Und die Kritik am Euro-Rettungsschirm verstummt nicht. Die Koalitionsabweichler von Ende September haben bereits ihr Nein angekündigt. So auch die Hamburger FDP-Abgeordnete Sylvia Canel. "Alle Hebel erhöhen auch die Haftung für alle Mitgliedstaaten im Ernstfall. Das möchte ich nicht, deshalb werde ich nicht zustimmen können", sagte sie dem Abendblatt. Ihrer Meinung nach würden jetzt die gleichen Fehler gemacht, wie sie die Vorstände und Aufsichtsräte deutscher Landesbanken gemacht hätten, "die auch nicht wussten, welche Risiken sie mit gebündelten Krediten übernehmen". Die Folge sei eine faktische Insolvenz der Landesbanken gewesen, die wiederum nur durch den Steuerzahler aufgefangen worden sei. Canel warnte: "So könnte es auch beim gehebelten EFSF enden." Bei den Landesbanken hätten auch viele Politiker im Aufsichtsrat gesessen. Das Ergebnis der Aufsicht sei nicht überzeugend gewesen. "Der Deutsche Bundestag ist kein Aufsichtsrat und auch keine Bank", so Canel weiter.

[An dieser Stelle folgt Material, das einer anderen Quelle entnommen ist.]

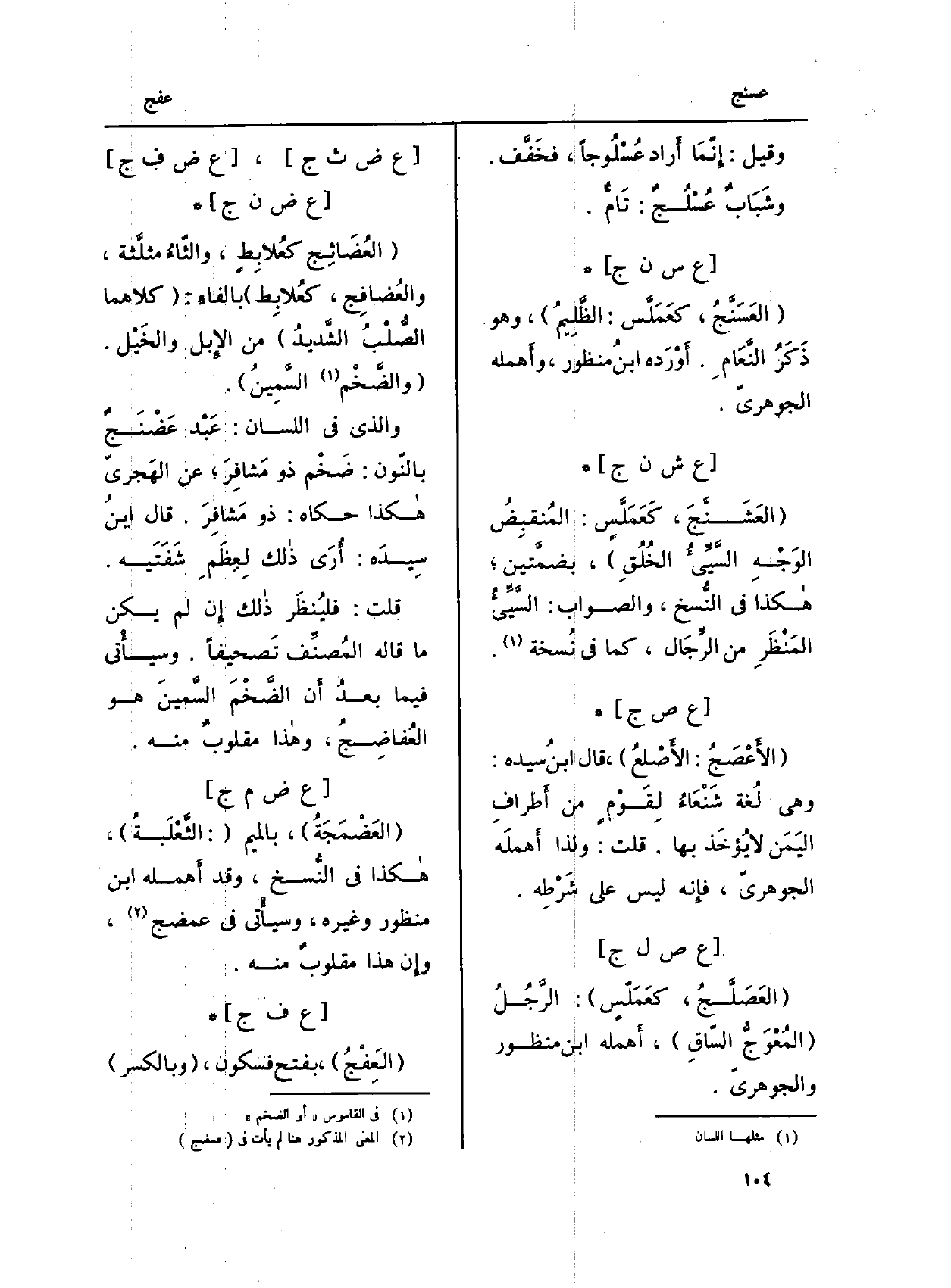قلت: فليُنظَر ذالك إِن لم يكن مَا قَالَه المُصنِّف تَصحيفاً. وسيأْتي فِيمَا بعدُ أَن الضَّخْمَ السَّمينَ هُوَ العُفاضِجُ، وهاذا مقلوبٌ مِنْهُ.

Der lauteste liberale Kritiker der Euro-Hilfen, Frank Schäffler, nahm die bevorstehende Parlamentsentscheidung zum Anlass, erneut den Austritt Griechenlands aus der Euro-Zone zu fordern. Griechenland könne im Euro nicht mehr wettbewerbsfähig werden. "Die Bedenken der Kritiker sind nicht ausgeräumt, sondern haben sich eher bestätigt", sagte CDU-Innenexperte Wolfgang Bosbach. Parteikollege Klaus-Peter Willsch kündigte gestern seine Ablehnung an. Er sprach von der Befürchtung, dass durch den geplanten EFSF-Hebelmechanismus das Risiko von Zahlungsausfällen gewaltig steigen werde. Damit würde sich die Wahrscheinlichkeit erhöhen, dass Deutschland mit seiner Haftungssumme von 211 Milliarden Euro tatsächlich einspringen müsste. Diese Summe werde aber in keinem Fall überschritten, stellte die CSU-Landesgruppenchefin im Bundestag, Gerda Hasselfeldt, klar. Fest steht auch, dass der Bundestag nicht über die genauen Leitlinien, sondern über die Akzeptanz für zwei Hebel-Modelle abstimmen werde. Später soll sich der Haushaltsausschuss noch mit den genauen EFSF-Leitlinien beschäftigen.
Während die Koalition in Berlin noch für die Zustimmung zum Antrag für die Erweiterung des Rettungsschirms kämpfte, machten der frühere Hamburger Bürgermeister Henning Voscherau (SPD) und sein Bruder Eggert Voscherau, Präsident Bundesarbeitgeberverband Chemie, in der "Bild"-Zeitung deutlich, wie es aus ihrer Sicht um Europa steht: "Wer möchte einem deutschen Arbeiter oder Angestellten, der bis 67 arbeiten soll und seinen sauer erarbeiteten Lohn in der Regel sauber versteuert, bitte klarmachen, dass er bluten muss für einen europäischen Landsmann in Griechenland, der bis Mitte 50 arbeitet, nur sehr ungern je eine Quittung aus der Hand gibt, keine vollständigen Steuern zahlt - und die Reichen haben ihr Geld im Ausland?"